The most substantial advance of the work is describing and demonstrating the approach to searching for synergistic multidrug combinations. For me the experimental findings in Erwinia amylovora are of secondary significance. The drug interactions observed in this system are of small magnitude making the overall effect of synergy minor. The measurements of pairwise interactions show substantial variation among replicates, although not worse than is typical of high-throughput screens. Although experimental noise in pairwise interactions will propagate into noisy predictions, this concern is overridden by the study ultimately conducting experimental measurements of the high-order combinations of interest. Overall, the strategy described here is interesting, theoretically rigorous, and useful. I expect this article will have general relevance to many efforts to find superior combination therapies for the treatment of pathogens or other diseases.

Reviewer #3: This is an interesting article that may have substantial impact on design of drug combination screens particularly those involving higher order combinations. The article is well written and overall has sufficient clarity. The experiment designs are interesting and does not suffer from any major deficiency to the best of my understanding. There is however need for increased statistical rigor and clarification in certain parts of the paper.
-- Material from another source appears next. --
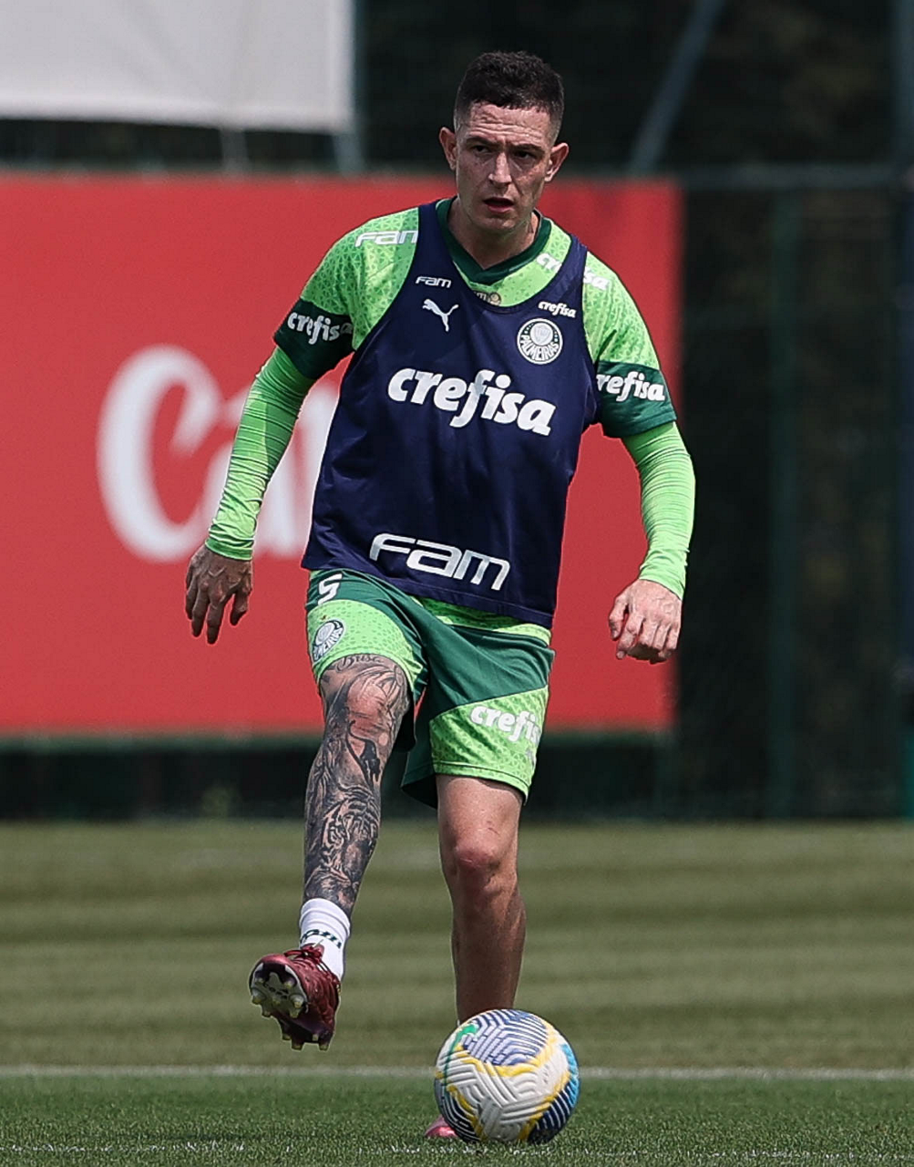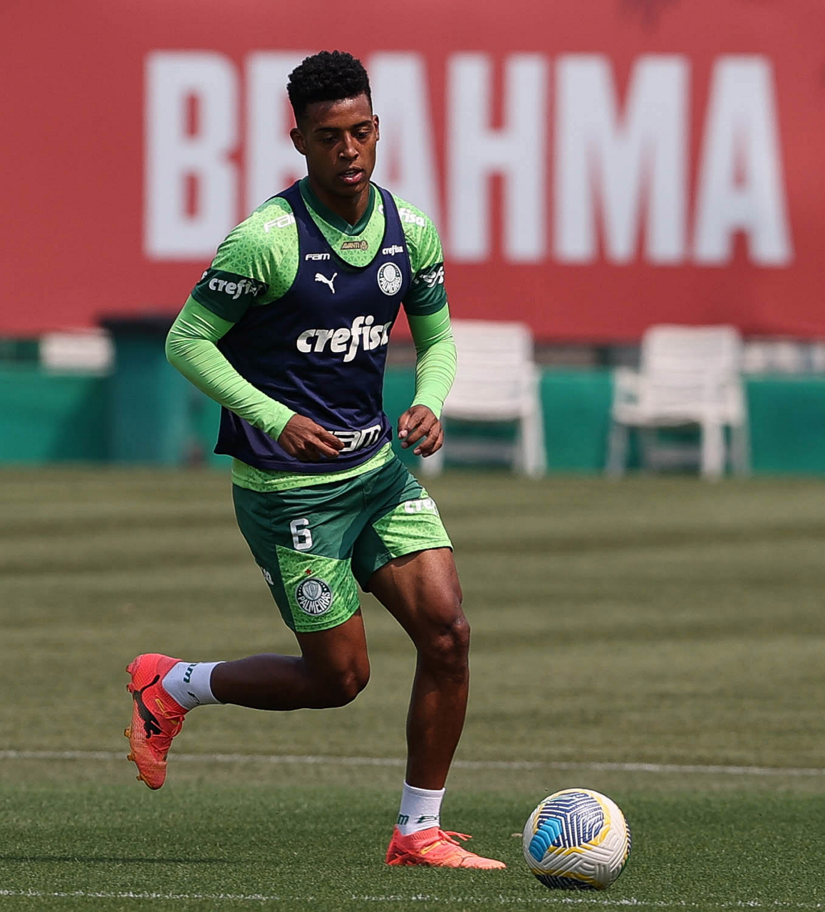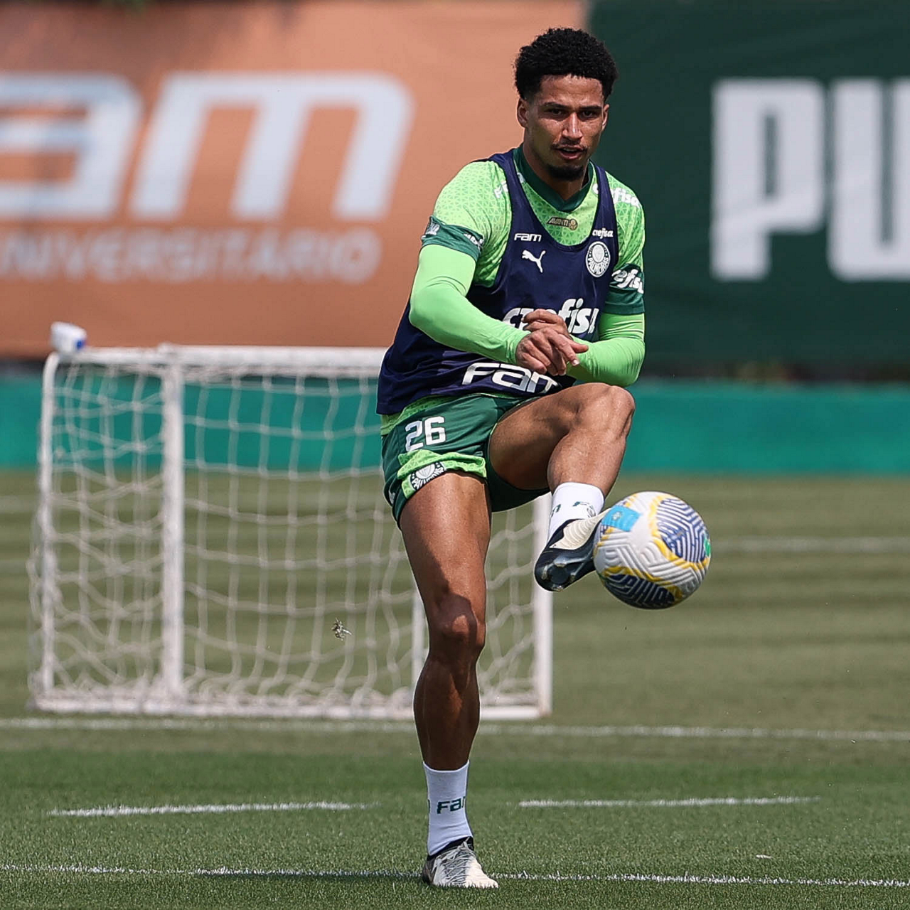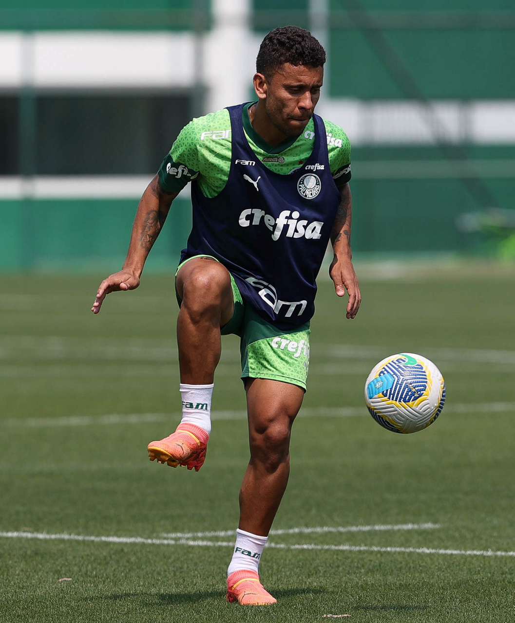 O jogador Richard Ríos, da SE Palmeiras, durante treinamento, na Academia de Futebol. (Foto: Cesar Greco/Palmeiras/by Canon)

1. The authors claim that their results are “in agreement with numerous studies.” With no justification and in same instances not even a citation. The authors should clarify and detail the nature of the agreement, cite appropriate papers and also justify such agreements. There is also a need for discussion on what such agreements would imply.

2. The data is fairly interesting yet I have not seen in a detailed analysis of biological or technical replicates. The authors need to provide a detailed account of the fit between replicates particularly in the paired combinations and compare the variation/noise in the underlying data to the accuracy of predictions.

3. The authors predicted higher order drug-drug interactions based on the average of paired drug interactions. They explained their strategy as “For all three-drug combinations of these 8 compounds, we generated predictions by using the arithmetic mean of interaction scores for all 3 pairwise combinations among 3 drugs. For combination A+B+C, the mean (AB, AC, BC) provides the expectation for A+B+C if there is no additional synergy/antagonism associated with the three-drug combination of these drugs”. This is an interesting yet extremely simple method. This approach needs better explanation/justification. How did the authors chose this simple approach, what are the examples in the literature, how does their method compare to others? Even If they do not provide a detailed benchmark, a good discussion and scientific justification would strengthen the paper.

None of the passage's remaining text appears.